Over the last 30 years, the federal prison system exploded from about 30,000 prisoners to over 200,000. Almost 50% of the federal inmates were drug offenders, convicted of nonviolent offenses. Draconian drug sentencing, even for first time offenders, was a major factor creating our federal, state, and local incarceration crisis. The statistics speak for themselves. The United States has 25% of the world’s inmates, but only 5% of the world’s population. We have almost 2.2 million inmates imprisoned in our local, state, and federal prisons and jails.

In 2015, The Obama administration proposed early release of 6,000 federal inmates. This nationwide release started in November, 2015. To be considered for clemency, inmates had to serve at least 10 years of their sentence, have no significant criminal history, and no connection to gangs, cartels or organized crime. The prisoners had to have a record of good conduct in prison. Additionally, the inmates probably would have received a “substantially lower sentence” if convicted of the same offense under present laws.

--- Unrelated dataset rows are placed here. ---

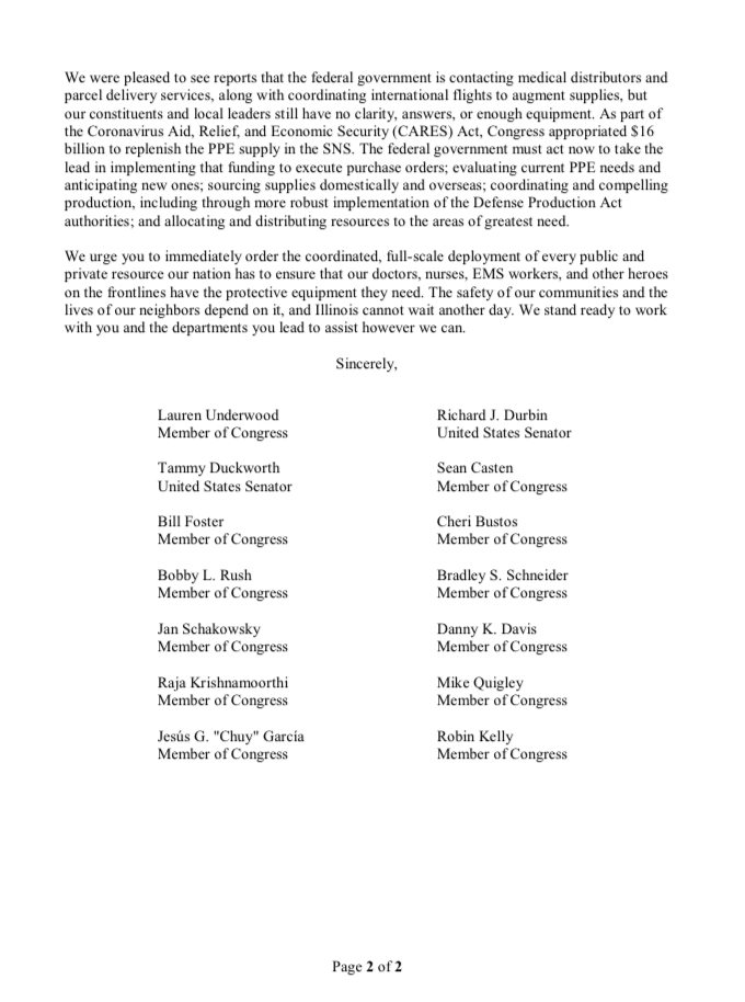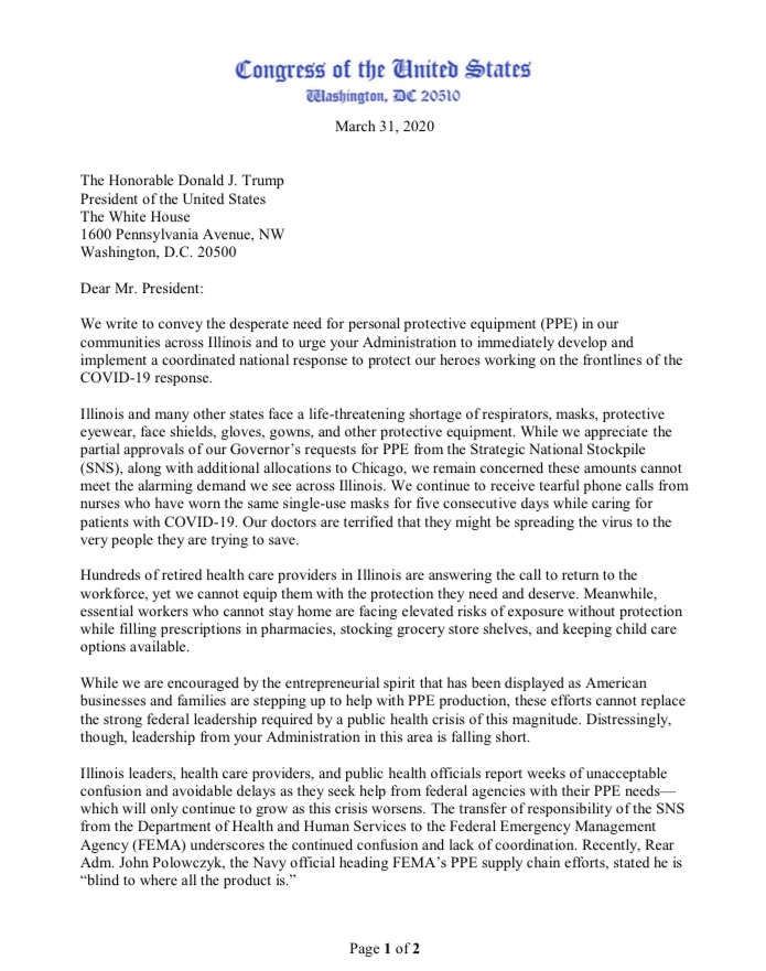 Our health care workers need proper protective gear. I joined @RepUnderwood and other Illinois delegation members urging the Administration to immediately implement a federally coordinated effort to meet Illinois’ need for personal protective equipment.https://twitter.com/RepUnderwood/status/1245065767911075845 …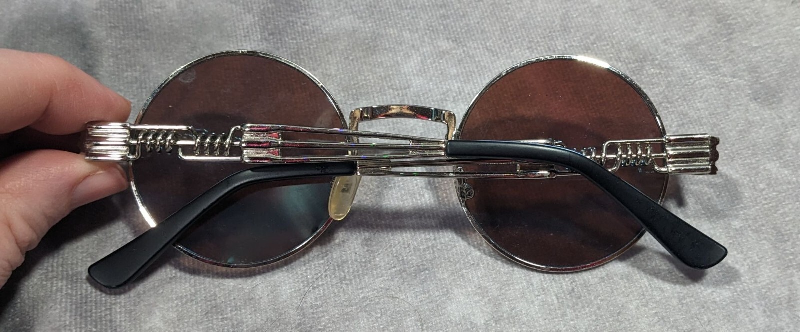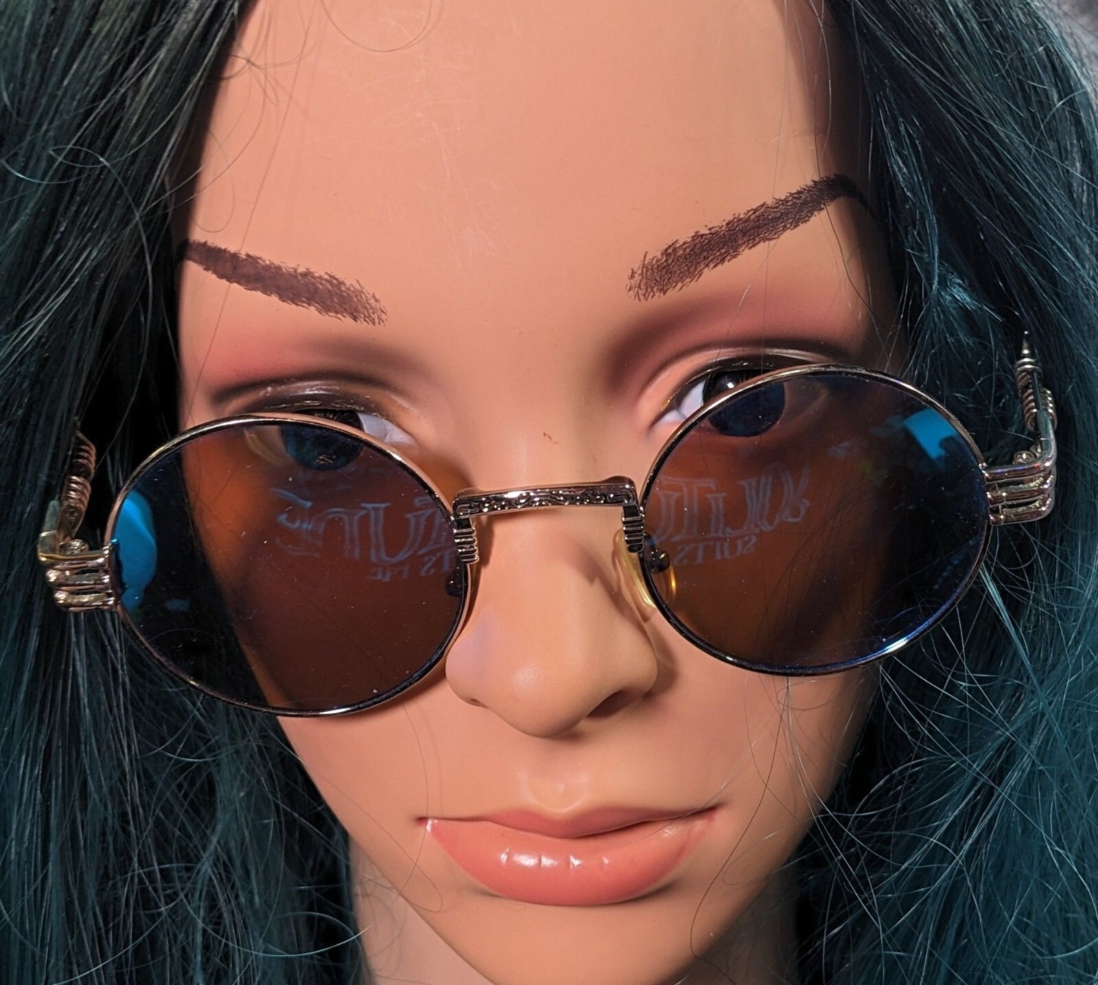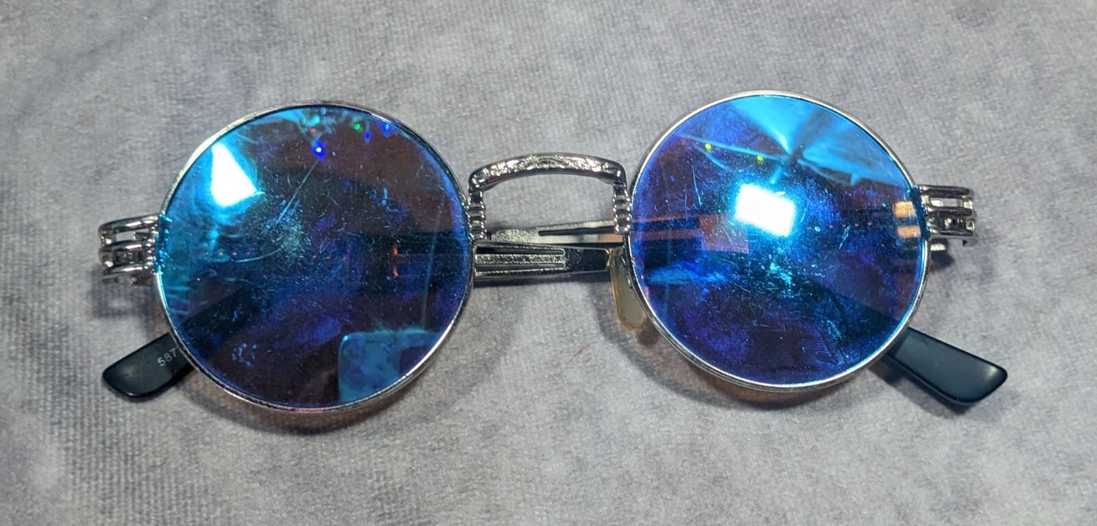 как выглядит Steampunk Retro Round Blue Mirror Lens Silver Tone Sunglasses фото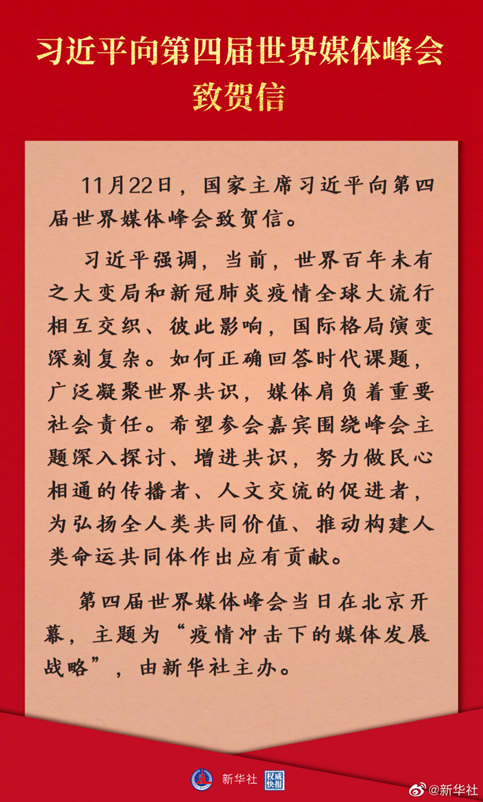 新華社北京11月22日電 11月22日,國家主席習(xí)近平向第四屆世界媒體峰會(huì)致賀信。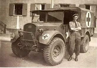 It was refounded by a committee of former members at the start of World War II in September 1939 with the establishment of a training camp at Manor Farm, Bristol Road, Northfield, Birmingham. More than 1,300 members were trained and went on to serve as ambulance drivers and medical orderlies in London during the Blitz, as well as overseas in Finland, Norway and Sweden (1940), the Middle East (1940–1943), Greece (1941, 1944–1946), China and Syria (1941–1946), India and Ethiopia (1942–1945), Italy (1943–1946), France, Belgium, Netherlands, Yugoslavia and Germany (1944–1946) and Austria (1945–1946). Its first female member was Angela Sinclair-Loutit, who joined in 1940 after her studies at Somerville College, Oxford were interrupted.[8][9]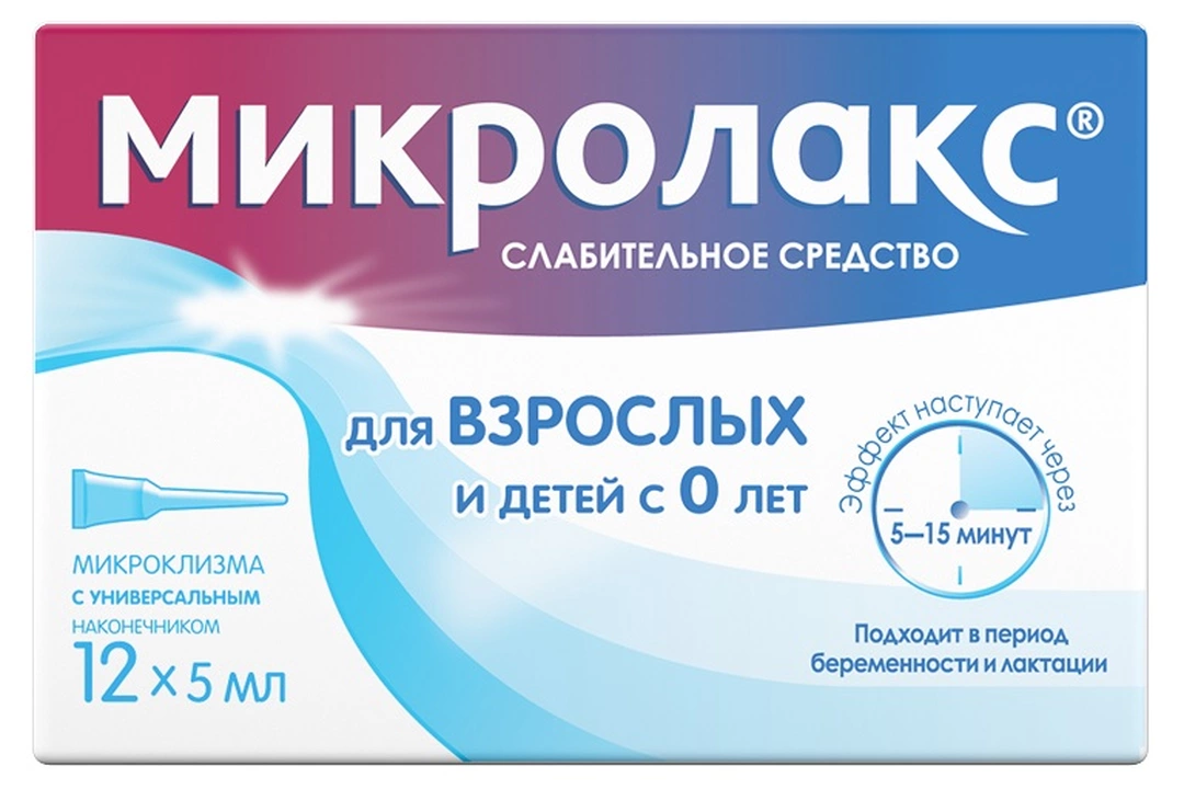 Форма выпуска, состав и . . . Микролакс - комбинированный препарат, оказывающий слабительное действие . Эффект наступает через 5-15 мин .

One of the 61 inmates granted early release was Byron McDade. He received a 27 year sentence for cocaine conspiracy. The judge who sentence Mr. McDade advocated for years for his early release. U.S. District Judge Paul L. Friedman stated that McDade’s sentence was “disproportionate” to his crime. The judge indicated that he had no discretion when sentencing McDade because of mandatory sentencing guidelines in effect in 2002. Judge Friedman had written to the Bureau of Prisons and the White House requesting the reduction of Mr. McDade’s sentence to 15 years. The judge finally received his answer this week, when President Obama commuted Mr. McDade’s sentence.